▼

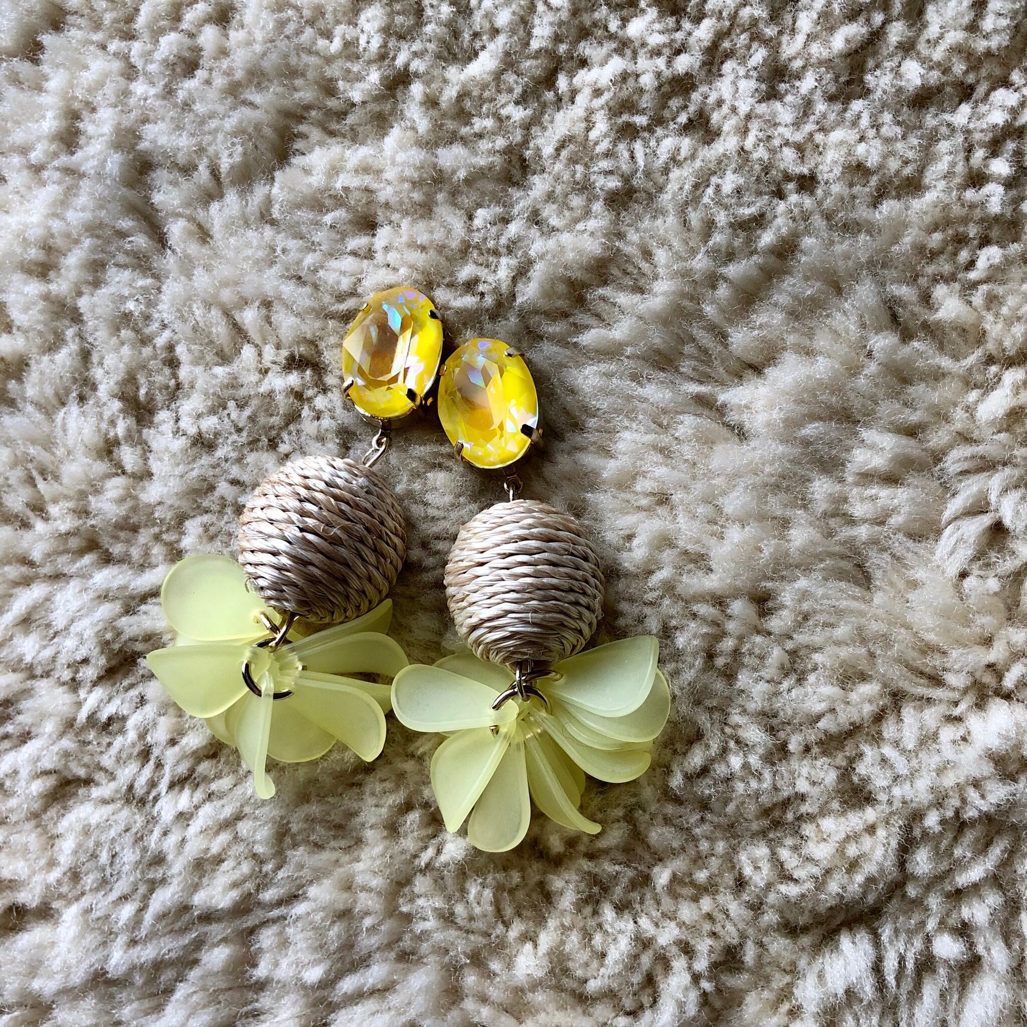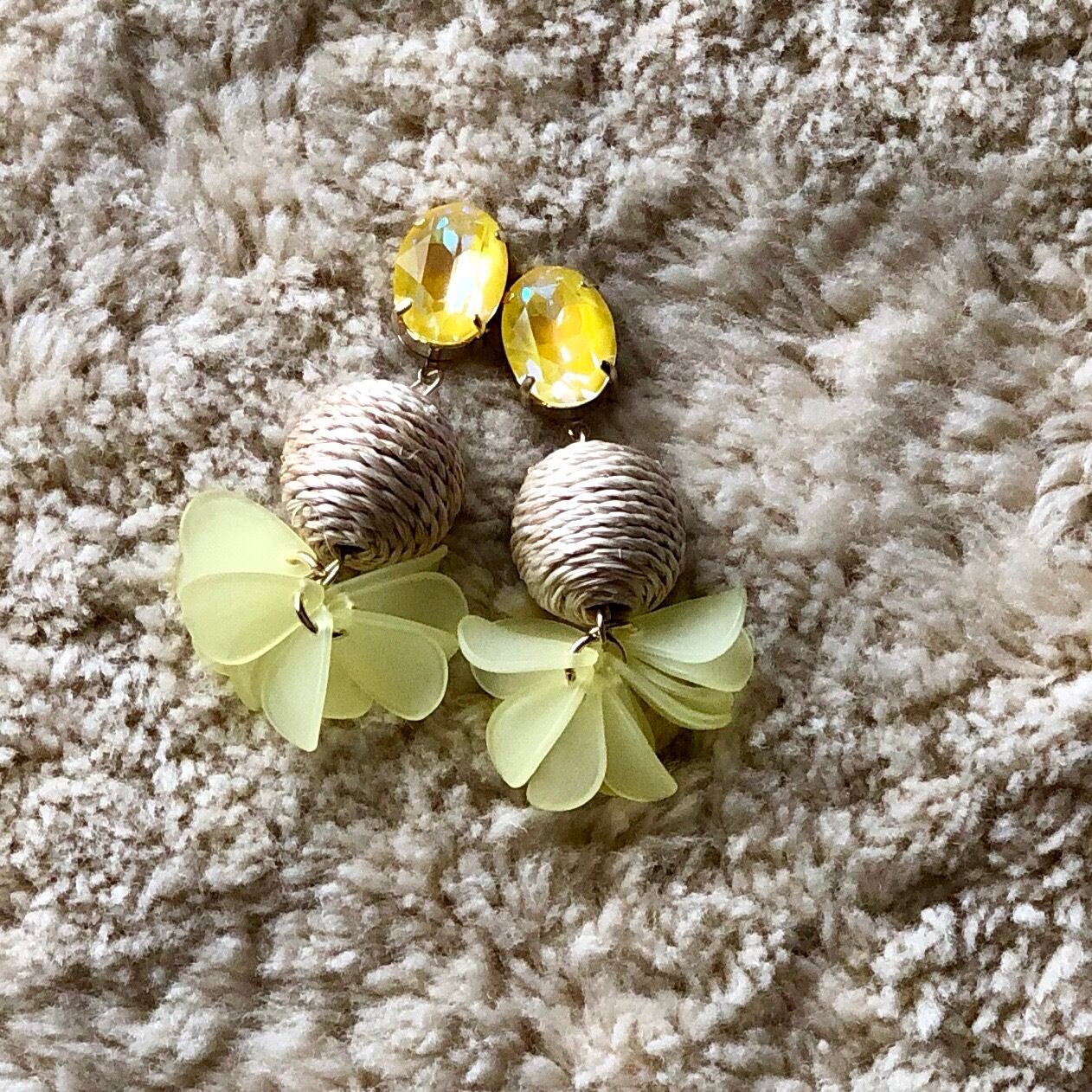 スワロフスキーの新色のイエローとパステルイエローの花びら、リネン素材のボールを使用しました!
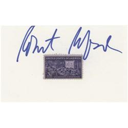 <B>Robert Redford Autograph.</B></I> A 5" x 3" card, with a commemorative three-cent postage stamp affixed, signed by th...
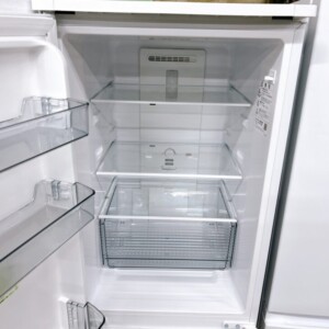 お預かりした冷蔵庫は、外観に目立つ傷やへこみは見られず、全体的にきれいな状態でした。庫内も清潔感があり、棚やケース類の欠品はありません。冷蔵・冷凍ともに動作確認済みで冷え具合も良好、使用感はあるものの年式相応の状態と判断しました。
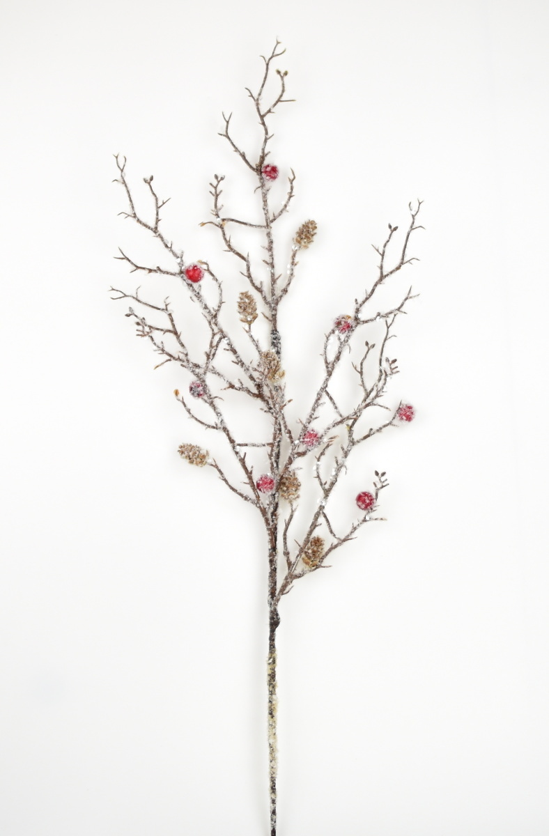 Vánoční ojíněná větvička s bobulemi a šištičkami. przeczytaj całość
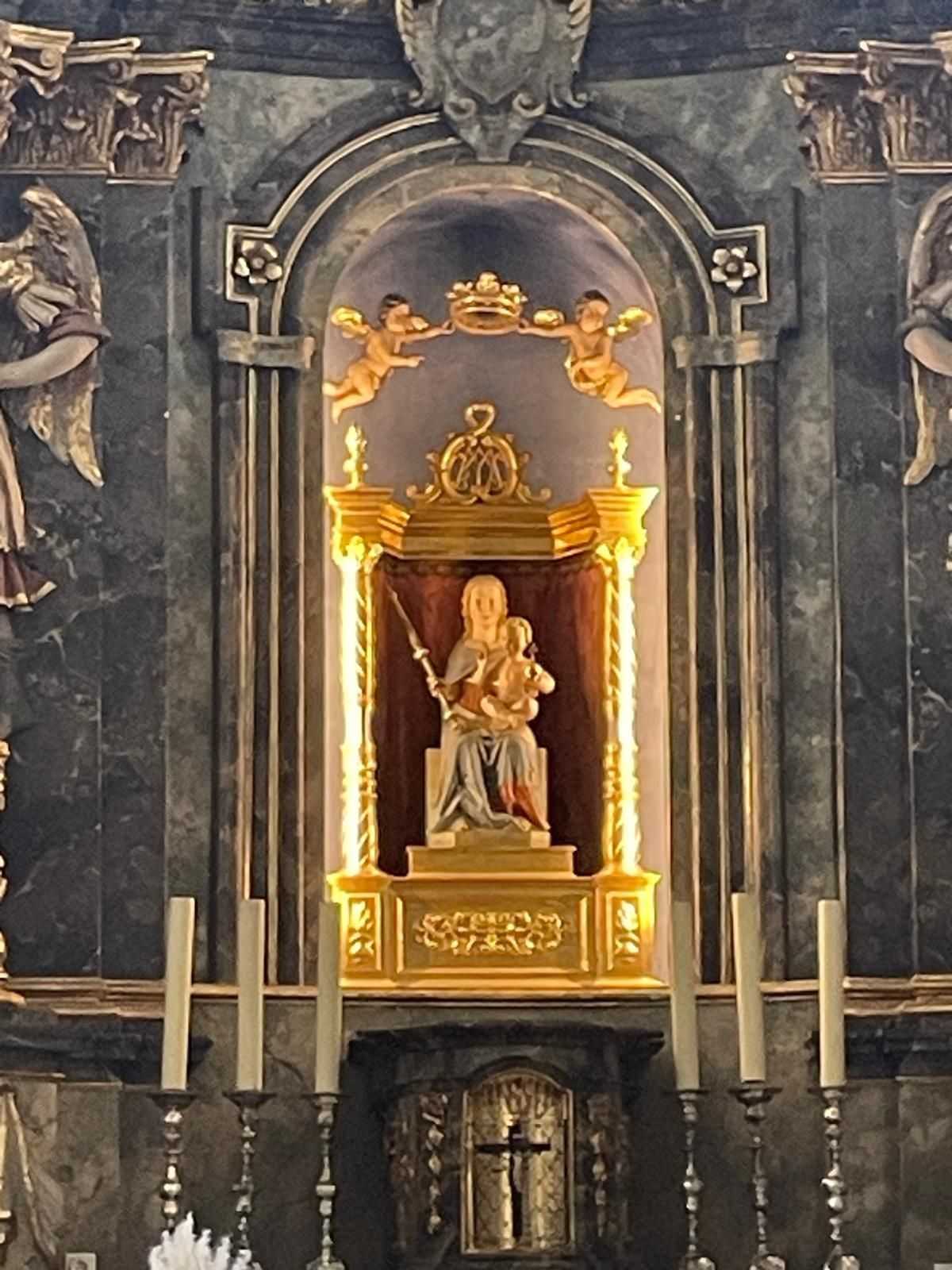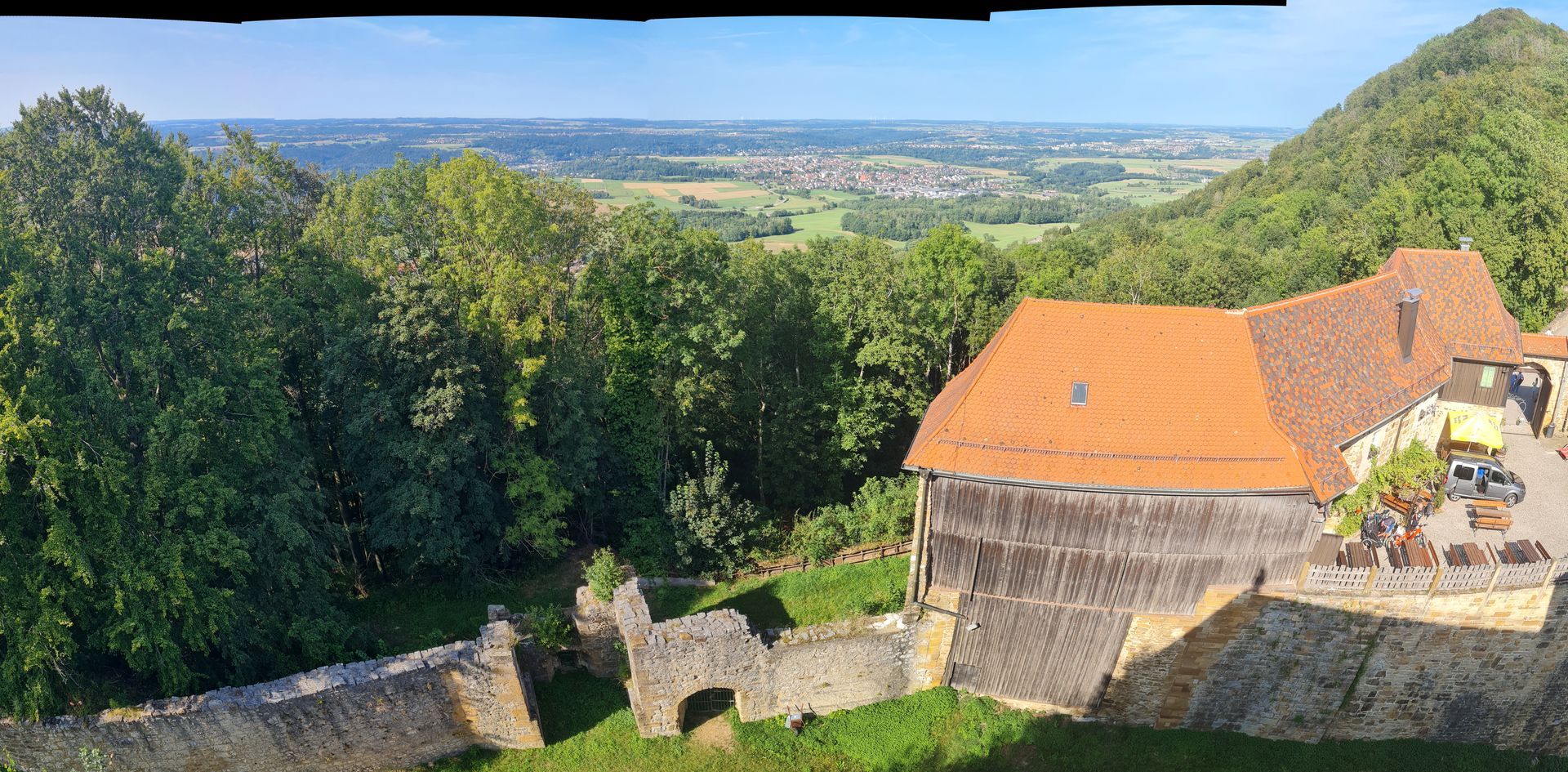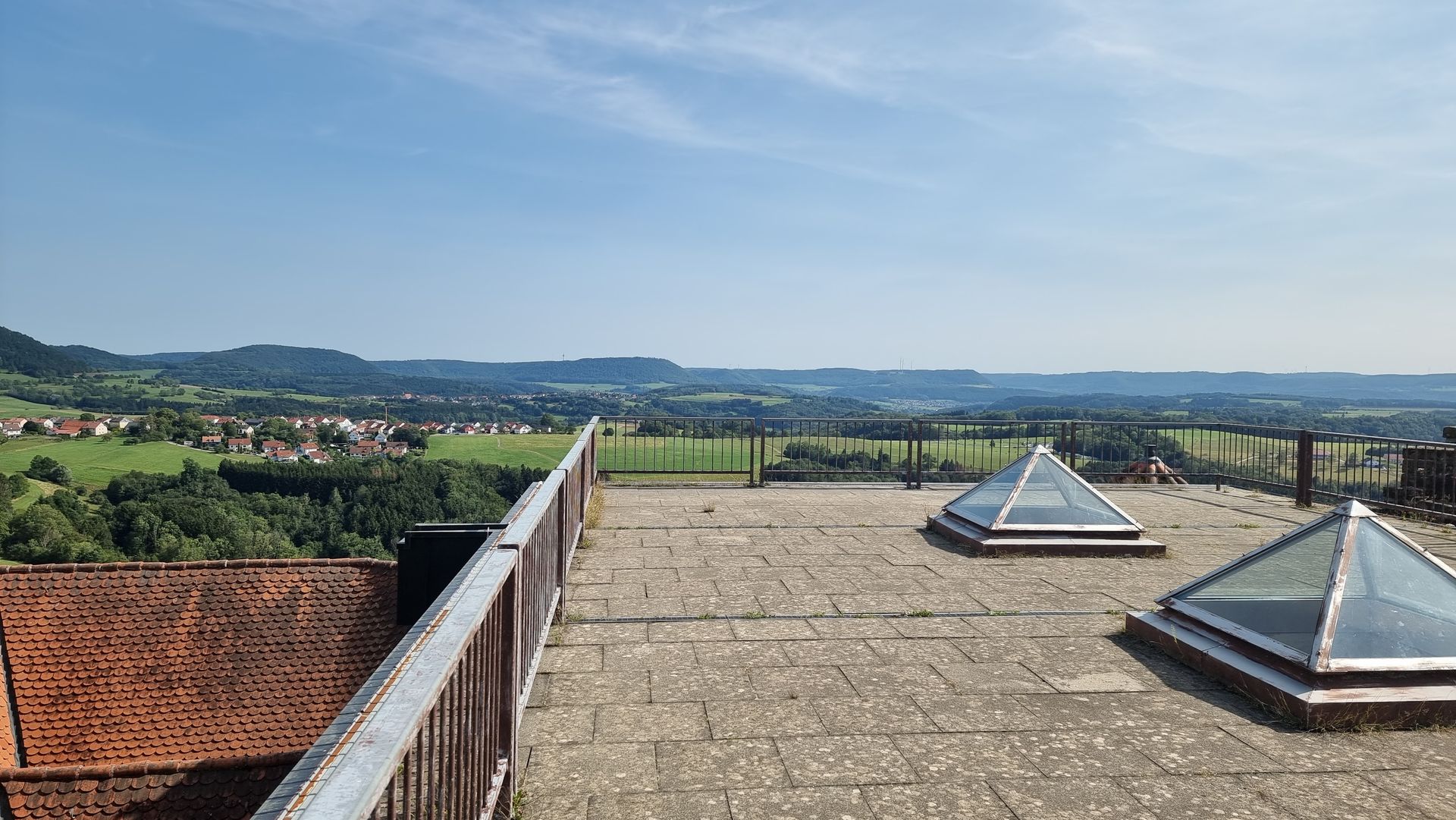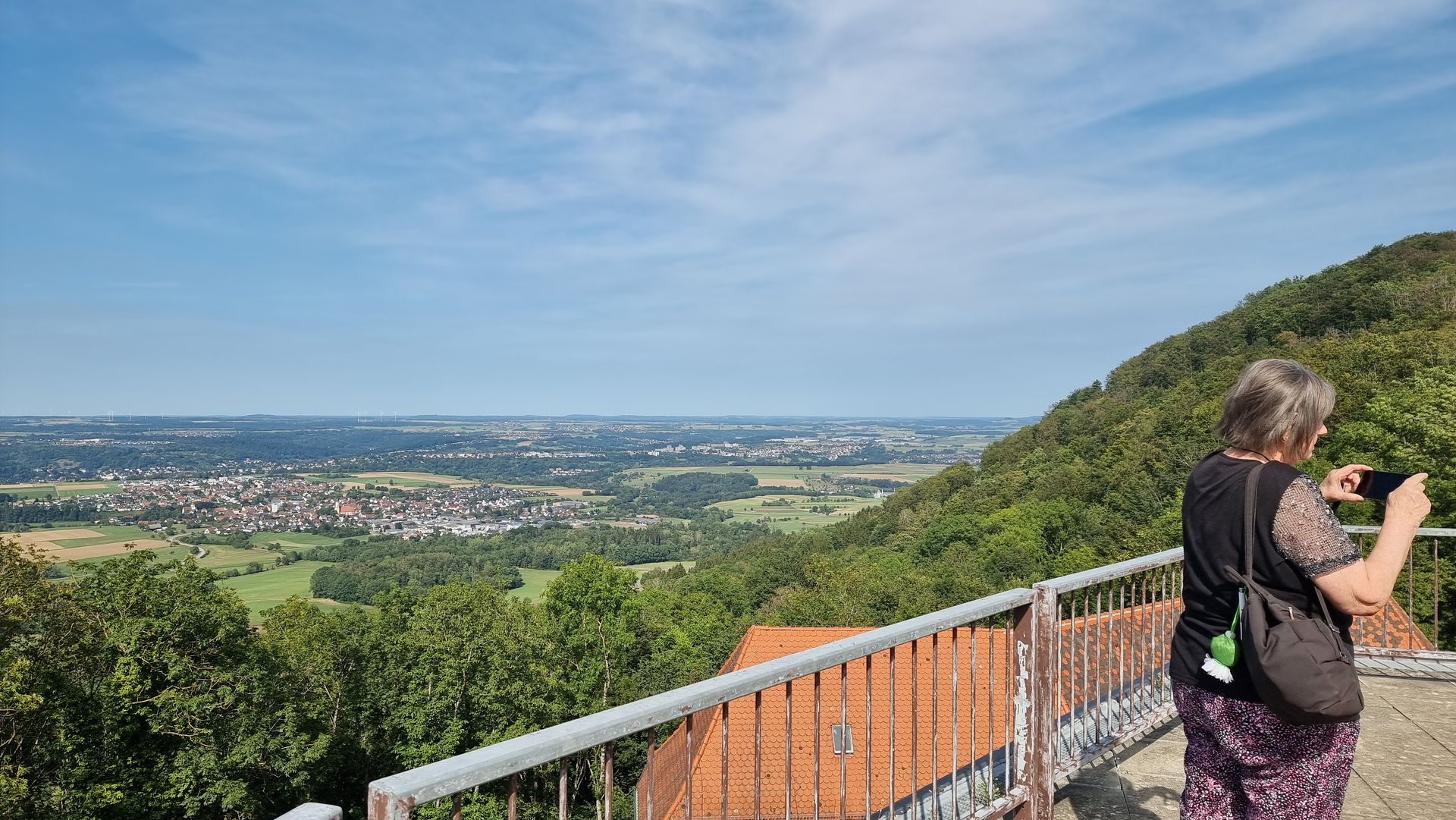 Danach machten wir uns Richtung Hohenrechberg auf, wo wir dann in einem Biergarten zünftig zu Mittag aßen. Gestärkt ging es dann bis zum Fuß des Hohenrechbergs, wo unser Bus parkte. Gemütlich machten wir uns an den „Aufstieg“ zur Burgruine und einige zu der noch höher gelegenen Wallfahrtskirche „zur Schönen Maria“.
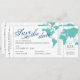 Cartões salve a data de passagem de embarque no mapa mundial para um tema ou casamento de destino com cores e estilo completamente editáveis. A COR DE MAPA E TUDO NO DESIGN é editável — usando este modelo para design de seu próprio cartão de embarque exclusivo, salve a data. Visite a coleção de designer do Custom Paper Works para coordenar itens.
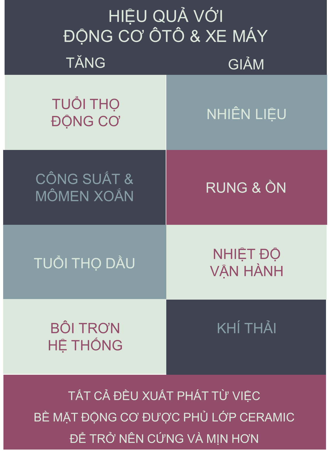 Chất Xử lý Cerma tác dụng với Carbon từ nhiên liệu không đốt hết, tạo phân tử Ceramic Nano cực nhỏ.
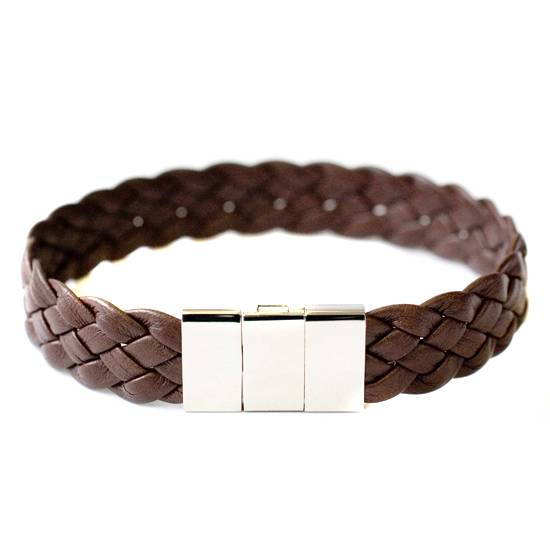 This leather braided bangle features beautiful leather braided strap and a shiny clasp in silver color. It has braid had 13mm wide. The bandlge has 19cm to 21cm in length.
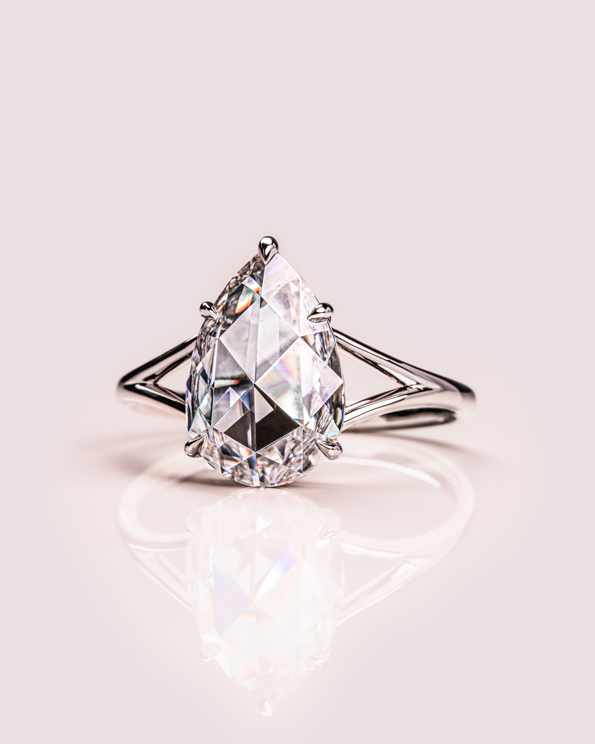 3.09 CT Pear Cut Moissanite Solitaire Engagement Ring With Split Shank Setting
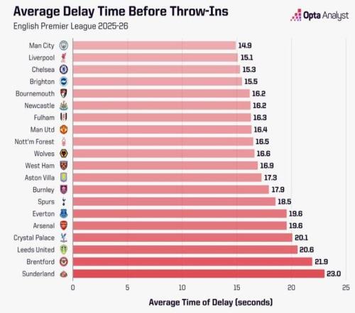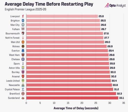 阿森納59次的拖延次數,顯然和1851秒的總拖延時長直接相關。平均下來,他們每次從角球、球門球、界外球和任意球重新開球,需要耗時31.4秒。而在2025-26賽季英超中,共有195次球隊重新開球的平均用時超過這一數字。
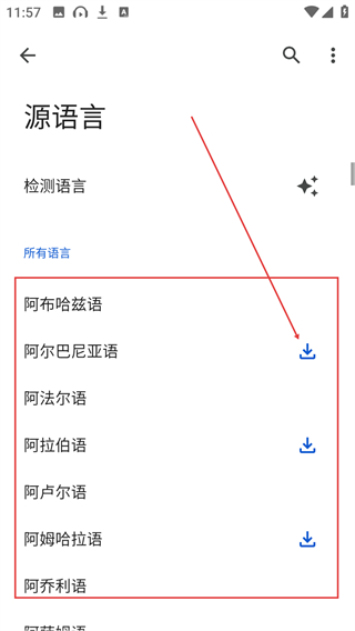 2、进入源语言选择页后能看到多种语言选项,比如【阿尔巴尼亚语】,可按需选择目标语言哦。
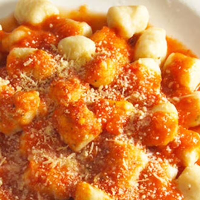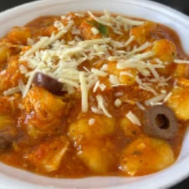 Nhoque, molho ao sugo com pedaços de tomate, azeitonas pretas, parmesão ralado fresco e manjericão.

▲

**Task details:** An exact printout of the entries is wanted, covering the first line through the line holding "<B>Robert Redford Autograph.</B></I>", with pictures kept out of it.

**Solution to this task:**
 スワロフスキーの新色のイエローとパステルイエローの花びら、リネン素材のボールを使用しました!
 <B>Robert Redford Autograph.</B></I> A 5" x 3" card, with a commemorative three-cent postage stamp affixed, signed by th...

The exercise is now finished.